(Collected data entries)
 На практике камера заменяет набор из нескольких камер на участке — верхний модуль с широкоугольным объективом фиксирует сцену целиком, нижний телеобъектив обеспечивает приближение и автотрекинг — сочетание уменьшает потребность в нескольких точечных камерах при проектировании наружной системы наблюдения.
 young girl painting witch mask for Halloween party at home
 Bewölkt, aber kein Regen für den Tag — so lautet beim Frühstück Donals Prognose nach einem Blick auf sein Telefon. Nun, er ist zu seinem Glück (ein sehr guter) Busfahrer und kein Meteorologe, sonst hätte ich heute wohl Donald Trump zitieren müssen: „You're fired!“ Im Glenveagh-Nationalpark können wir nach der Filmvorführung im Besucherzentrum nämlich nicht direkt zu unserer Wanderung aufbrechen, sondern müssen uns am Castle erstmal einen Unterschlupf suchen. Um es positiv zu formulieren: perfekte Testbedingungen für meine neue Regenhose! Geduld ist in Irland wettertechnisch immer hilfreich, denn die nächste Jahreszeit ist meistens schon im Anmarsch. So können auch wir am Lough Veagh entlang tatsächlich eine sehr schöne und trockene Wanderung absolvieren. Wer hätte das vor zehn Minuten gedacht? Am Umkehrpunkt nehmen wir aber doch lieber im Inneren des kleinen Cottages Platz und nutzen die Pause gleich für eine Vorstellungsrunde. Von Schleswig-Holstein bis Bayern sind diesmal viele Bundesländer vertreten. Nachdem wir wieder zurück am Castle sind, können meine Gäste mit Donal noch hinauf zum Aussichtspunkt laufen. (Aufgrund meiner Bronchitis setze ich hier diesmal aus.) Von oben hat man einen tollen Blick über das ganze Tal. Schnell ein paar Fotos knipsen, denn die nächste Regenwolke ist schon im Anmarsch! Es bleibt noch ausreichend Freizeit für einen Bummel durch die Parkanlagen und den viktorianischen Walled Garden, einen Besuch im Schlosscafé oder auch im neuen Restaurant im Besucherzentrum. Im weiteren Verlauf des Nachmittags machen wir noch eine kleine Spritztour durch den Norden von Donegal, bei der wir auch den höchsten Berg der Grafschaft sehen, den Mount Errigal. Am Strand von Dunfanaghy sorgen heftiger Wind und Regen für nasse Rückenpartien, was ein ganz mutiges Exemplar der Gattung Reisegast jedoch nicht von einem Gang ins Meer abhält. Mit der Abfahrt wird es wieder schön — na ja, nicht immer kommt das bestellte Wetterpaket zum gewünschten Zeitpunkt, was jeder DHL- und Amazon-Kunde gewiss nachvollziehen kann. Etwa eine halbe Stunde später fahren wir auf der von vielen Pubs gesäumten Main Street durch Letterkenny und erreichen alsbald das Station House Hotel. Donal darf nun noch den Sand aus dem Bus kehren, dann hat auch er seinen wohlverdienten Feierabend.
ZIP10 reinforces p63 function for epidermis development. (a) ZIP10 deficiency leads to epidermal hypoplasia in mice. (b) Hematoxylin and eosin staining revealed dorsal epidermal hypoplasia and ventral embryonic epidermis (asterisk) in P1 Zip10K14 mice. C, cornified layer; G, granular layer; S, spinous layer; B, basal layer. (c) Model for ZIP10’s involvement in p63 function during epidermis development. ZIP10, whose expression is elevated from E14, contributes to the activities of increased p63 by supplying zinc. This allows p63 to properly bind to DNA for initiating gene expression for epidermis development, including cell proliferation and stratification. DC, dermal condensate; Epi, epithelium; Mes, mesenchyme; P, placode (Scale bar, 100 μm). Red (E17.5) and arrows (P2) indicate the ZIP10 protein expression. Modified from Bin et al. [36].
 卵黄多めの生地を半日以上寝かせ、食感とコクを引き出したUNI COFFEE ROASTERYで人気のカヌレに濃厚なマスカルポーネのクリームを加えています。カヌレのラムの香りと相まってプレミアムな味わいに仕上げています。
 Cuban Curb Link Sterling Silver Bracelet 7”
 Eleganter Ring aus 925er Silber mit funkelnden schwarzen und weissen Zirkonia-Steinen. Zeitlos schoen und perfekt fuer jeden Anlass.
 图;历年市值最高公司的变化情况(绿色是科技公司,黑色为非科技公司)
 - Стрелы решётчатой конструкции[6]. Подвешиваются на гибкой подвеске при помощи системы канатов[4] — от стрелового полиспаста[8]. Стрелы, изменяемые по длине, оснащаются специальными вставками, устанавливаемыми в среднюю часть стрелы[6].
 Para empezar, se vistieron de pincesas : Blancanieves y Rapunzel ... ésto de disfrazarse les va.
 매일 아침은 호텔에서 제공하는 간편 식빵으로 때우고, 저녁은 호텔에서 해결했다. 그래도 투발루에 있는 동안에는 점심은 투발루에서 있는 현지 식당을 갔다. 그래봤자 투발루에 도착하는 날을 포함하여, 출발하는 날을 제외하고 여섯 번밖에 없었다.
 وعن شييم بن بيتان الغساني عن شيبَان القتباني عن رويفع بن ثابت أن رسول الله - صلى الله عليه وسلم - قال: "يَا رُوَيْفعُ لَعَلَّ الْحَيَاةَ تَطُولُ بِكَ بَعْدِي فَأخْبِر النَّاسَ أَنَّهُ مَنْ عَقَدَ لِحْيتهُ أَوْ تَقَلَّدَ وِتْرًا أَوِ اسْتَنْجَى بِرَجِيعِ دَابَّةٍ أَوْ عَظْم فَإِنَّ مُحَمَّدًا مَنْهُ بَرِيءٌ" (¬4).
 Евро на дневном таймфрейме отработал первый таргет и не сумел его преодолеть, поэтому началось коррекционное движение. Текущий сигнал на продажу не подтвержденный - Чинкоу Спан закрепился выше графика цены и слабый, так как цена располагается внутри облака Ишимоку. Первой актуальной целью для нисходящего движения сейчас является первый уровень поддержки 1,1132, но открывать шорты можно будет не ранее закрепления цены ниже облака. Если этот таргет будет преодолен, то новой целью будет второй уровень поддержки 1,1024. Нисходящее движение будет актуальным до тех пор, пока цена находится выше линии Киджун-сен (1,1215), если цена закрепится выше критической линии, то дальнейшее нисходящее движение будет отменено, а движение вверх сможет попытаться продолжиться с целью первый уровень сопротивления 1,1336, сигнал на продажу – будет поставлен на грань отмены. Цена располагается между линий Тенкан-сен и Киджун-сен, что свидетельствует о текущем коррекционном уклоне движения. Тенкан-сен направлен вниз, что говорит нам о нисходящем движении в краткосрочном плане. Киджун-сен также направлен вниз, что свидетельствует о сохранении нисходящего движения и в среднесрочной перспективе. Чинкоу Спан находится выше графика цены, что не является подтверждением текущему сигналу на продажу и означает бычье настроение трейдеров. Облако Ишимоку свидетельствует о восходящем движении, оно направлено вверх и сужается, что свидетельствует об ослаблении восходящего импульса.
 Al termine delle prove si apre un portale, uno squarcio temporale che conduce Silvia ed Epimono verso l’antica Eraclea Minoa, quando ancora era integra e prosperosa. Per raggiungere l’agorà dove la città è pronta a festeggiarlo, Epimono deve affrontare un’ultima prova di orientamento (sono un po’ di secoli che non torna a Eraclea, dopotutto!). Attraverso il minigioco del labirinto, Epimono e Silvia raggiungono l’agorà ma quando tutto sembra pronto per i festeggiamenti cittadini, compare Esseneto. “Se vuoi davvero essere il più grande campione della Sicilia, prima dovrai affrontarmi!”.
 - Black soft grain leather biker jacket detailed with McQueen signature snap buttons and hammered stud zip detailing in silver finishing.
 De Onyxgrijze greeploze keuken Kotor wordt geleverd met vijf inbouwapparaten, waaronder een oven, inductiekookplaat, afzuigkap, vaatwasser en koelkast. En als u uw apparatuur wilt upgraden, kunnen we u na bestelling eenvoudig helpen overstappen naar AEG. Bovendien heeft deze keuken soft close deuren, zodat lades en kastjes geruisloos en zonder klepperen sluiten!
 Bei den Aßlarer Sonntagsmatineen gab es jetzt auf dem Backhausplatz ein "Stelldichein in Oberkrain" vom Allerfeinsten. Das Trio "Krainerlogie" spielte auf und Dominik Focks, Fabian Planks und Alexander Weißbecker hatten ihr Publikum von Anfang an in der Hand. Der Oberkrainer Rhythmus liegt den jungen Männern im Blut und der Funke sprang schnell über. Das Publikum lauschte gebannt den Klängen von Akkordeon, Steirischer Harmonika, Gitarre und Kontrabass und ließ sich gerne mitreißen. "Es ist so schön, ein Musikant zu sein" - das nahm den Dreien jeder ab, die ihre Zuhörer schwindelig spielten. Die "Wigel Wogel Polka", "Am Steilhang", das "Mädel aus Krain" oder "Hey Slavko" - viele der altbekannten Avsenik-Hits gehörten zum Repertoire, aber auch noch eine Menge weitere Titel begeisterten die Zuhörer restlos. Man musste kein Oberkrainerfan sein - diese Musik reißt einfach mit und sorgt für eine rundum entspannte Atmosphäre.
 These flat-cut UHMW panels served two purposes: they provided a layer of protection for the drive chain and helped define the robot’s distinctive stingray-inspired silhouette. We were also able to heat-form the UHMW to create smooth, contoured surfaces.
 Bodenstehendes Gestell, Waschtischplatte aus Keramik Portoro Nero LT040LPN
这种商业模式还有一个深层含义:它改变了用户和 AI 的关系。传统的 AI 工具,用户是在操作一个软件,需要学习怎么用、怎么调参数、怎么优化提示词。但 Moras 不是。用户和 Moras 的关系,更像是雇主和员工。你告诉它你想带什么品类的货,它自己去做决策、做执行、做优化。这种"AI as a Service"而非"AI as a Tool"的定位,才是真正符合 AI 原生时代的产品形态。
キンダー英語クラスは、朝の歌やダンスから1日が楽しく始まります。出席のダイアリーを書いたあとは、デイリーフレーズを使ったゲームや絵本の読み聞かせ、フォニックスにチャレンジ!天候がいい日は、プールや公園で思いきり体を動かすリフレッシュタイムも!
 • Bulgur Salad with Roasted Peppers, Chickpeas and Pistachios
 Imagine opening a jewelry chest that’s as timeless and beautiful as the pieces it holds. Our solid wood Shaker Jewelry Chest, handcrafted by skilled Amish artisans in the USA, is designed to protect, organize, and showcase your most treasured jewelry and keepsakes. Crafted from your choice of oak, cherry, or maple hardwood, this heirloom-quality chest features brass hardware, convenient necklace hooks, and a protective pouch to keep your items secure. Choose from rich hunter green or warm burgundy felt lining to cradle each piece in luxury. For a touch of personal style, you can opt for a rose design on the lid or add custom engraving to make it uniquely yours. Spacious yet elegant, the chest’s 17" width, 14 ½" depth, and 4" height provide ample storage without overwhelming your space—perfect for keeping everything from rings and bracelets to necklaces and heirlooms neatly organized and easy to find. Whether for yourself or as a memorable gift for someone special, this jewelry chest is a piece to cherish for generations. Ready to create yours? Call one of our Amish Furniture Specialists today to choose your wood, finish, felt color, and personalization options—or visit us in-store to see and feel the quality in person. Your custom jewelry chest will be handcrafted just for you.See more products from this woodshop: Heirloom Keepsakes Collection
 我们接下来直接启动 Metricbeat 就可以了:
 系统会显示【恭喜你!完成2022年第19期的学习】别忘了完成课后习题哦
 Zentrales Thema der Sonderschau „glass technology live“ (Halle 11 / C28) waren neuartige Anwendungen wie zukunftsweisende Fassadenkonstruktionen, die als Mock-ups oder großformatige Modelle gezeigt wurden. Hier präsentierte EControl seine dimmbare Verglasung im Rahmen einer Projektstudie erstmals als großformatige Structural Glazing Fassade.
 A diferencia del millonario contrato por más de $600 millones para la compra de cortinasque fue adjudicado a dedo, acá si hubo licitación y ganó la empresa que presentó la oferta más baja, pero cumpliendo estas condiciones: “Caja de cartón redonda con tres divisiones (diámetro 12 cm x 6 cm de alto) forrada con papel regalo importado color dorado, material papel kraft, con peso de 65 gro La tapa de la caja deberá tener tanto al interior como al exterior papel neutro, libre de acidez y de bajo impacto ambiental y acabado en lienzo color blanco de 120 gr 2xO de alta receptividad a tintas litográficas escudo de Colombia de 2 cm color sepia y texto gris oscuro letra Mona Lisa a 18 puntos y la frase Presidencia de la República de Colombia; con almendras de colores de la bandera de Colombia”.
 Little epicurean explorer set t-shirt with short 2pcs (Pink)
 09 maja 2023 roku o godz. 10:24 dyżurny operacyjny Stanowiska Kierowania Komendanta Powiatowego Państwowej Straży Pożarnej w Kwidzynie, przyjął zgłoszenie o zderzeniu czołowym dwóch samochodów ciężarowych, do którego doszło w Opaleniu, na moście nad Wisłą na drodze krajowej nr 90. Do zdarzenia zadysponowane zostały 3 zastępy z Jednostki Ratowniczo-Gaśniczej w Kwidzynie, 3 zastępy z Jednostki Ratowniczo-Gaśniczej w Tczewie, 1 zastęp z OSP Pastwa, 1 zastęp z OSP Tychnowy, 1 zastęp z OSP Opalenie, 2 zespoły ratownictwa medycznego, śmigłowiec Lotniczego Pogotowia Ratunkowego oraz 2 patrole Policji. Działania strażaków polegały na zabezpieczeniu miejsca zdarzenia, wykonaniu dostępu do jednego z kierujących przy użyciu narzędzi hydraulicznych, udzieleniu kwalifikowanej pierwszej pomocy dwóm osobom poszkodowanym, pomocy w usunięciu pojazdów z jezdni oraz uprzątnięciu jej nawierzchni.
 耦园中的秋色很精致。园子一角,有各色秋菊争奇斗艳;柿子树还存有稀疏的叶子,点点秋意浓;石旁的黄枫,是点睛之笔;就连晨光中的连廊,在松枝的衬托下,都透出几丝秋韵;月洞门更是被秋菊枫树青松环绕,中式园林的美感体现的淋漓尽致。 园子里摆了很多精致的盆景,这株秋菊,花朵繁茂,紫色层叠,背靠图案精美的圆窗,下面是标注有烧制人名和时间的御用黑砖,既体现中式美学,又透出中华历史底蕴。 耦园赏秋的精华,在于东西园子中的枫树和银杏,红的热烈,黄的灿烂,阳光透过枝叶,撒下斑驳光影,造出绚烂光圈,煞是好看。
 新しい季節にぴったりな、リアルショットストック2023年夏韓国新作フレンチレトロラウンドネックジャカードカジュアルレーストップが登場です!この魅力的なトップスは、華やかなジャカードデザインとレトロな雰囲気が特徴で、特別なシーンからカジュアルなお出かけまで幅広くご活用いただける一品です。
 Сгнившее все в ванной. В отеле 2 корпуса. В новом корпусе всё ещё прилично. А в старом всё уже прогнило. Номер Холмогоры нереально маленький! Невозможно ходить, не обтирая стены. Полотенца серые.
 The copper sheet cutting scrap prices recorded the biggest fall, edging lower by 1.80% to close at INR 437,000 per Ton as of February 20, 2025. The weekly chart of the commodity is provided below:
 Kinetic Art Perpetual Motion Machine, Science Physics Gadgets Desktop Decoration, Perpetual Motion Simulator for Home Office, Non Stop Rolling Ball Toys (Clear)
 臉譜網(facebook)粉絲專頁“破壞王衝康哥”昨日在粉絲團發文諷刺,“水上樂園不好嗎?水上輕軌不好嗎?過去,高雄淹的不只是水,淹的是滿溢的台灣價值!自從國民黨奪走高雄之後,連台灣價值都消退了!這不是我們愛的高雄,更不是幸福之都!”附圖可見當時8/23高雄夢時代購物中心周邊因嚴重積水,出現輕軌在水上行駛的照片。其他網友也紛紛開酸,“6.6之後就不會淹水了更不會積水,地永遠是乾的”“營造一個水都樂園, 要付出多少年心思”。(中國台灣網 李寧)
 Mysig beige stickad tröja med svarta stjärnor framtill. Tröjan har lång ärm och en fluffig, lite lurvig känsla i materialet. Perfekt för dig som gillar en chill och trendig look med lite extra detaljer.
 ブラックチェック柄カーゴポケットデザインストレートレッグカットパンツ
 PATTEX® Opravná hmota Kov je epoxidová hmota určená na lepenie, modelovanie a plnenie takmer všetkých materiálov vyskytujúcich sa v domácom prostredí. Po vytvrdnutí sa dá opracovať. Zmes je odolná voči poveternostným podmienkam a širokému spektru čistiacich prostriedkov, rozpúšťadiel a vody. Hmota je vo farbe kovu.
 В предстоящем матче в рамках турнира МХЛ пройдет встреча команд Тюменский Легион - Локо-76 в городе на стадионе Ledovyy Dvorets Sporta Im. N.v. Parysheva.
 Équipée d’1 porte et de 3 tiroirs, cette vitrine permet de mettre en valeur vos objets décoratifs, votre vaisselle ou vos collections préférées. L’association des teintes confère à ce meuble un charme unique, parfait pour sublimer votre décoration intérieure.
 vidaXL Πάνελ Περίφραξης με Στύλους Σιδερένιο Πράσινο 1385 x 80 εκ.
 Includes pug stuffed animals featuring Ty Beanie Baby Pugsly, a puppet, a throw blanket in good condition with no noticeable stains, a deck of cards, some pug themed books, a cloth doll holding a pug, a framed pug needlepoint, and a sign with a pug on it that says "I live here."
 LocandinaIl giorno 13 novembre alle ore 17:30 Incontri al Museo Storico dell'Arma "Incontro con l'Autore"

# [TASK DIRECTIONS]
The lines of the data, from the first through the one containing "young girl painting", are to be transcribed exactly.

# [FINISHED TASK]
 На практике камера заменяет набор из нескольких камер на участке — верхний модуль с широкоугольным объективом фиксирует сцену целиком, нижний телеобъектив обеспечивает приближение и автотрекинг — сочетание уменьшает потребность в нескольких точечных камерах при проектировании наружной системы наблюдения.
 young girl painting witch mask for Halloween party at home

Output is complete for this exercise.